Personal information
- Full name: Stephen George Abbley
- Date of birth: 19 March 1957 (age 69)
- Place of birth: Liverpool, Lancashire, England
- Position: Right wing

Team information
- Current team: Circencester Town (Chairman)

Senior career*
- Years: Team / Apps / (Gls)
- 0000–1979: Parks / – / (–)
- 1979–1982: Swindon Town / 23 / (0)
- Cheltenham Town
- 1988-1990: Wycombe Wanderers / 63 / (1)
- Tonbridge
- Gloucester City
- Trowbridge Town
- Cirencester Town

= Steve Abbley =

English footballer

Steve Abbley (born 19 March 1957 in Liverpool) is a former footballer who spent the majority of his career in Non-League football. Abbley was a professional with Swindon Town. Currently, he is chairman of Cirencester Town.

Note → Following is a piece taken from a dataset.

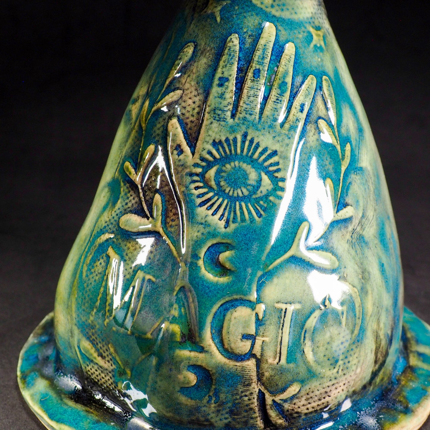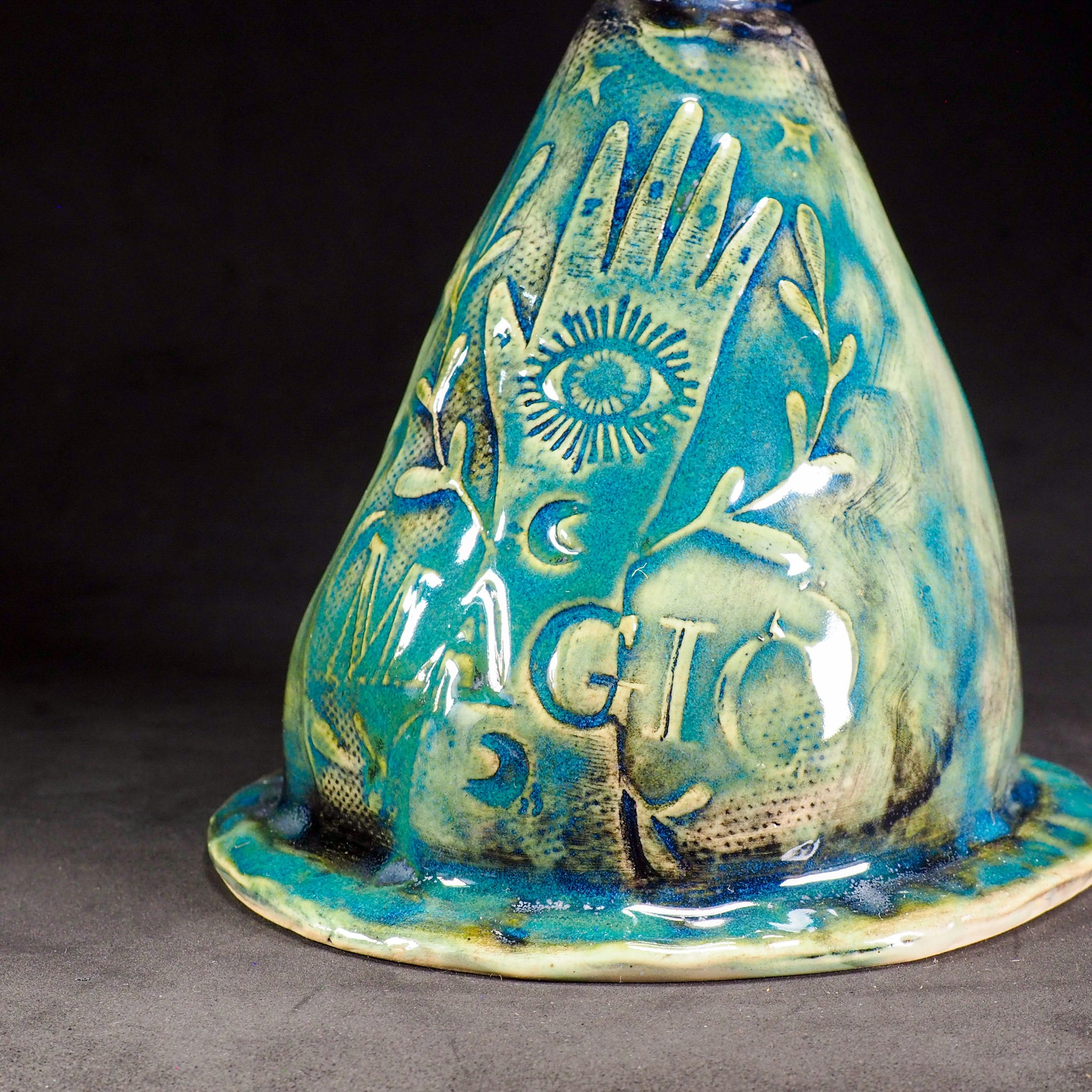 You are looking at an original handmade ceramic vase by Idania Salcido, the artist behind Danita Art. Each one is a unique work of art on itself, inspired and designed by me, Danita Art. It is a homage to the mystical world, hand built by me, glazed and fired on my old school kiln.

Stephen George Abbley started his career with Non-League club Parks F.C. before joining Swindon Town as a 22-year-old in October 1979.

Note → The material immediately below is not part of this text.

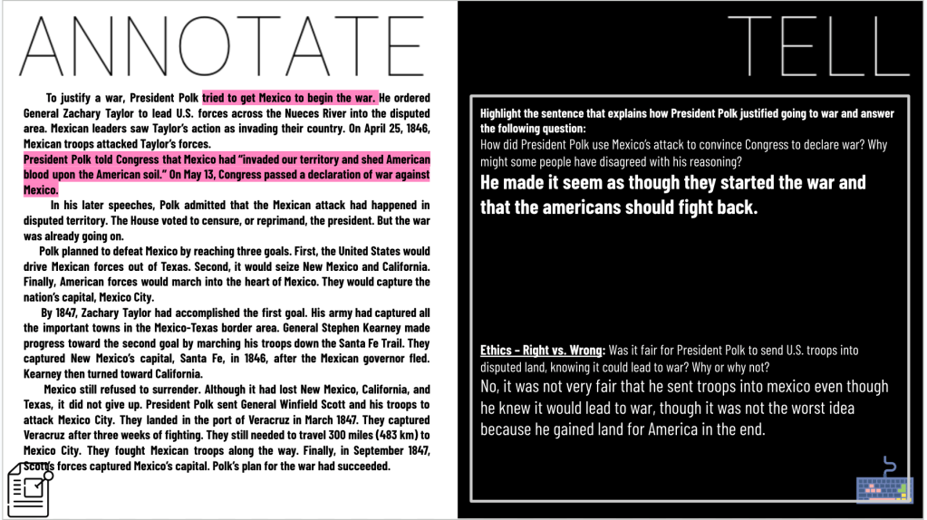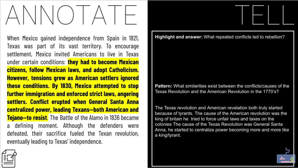 I shared a Padlet and told them: “Based on what you read, I was thinking of an object. It’s hidden in the clues. Guess what it is, and explain how it connects to a country being pulled apart by the issue of slavery.”

Abbley operated on the right side of Swindon's defence, but could also play on the left. However, Abbley struggled to break into the Swindon first team throughout his career in Wiltshire.

The Liverpudlian appeared in only five league fixtures during his first season at the club. His Town debut came as a late in the 2–0 loss at Blackburn Rovers in March 1980. His first win occurred in the 3–0 home win against Gillingham, Abbley was booked in a heated game which also saw future Manchester United captain Steve Bruce sent-off for two bookable offences.

During Abbley's second season at Swindon he could only muster three appearances in the first team.

Steve Abbley's third and final season in professional football was his best for first team appearances, making 15 outings including the 5–0 loss at rivals Oxford United and made his final league appearance in the 2–0 defeat at Fulham. However, despite making more outings for the first team Swindon were relegated into the Fourth Division.

After his release from Swindon, Abbley dropped into Non-League football playing for future league teams Cheltenham Town and Wycombe Wanderers.

Since retiring, Abbley has become chairman of Southern Football League club Cirencester Town, helping them move into their Corinium Stadium in 2002.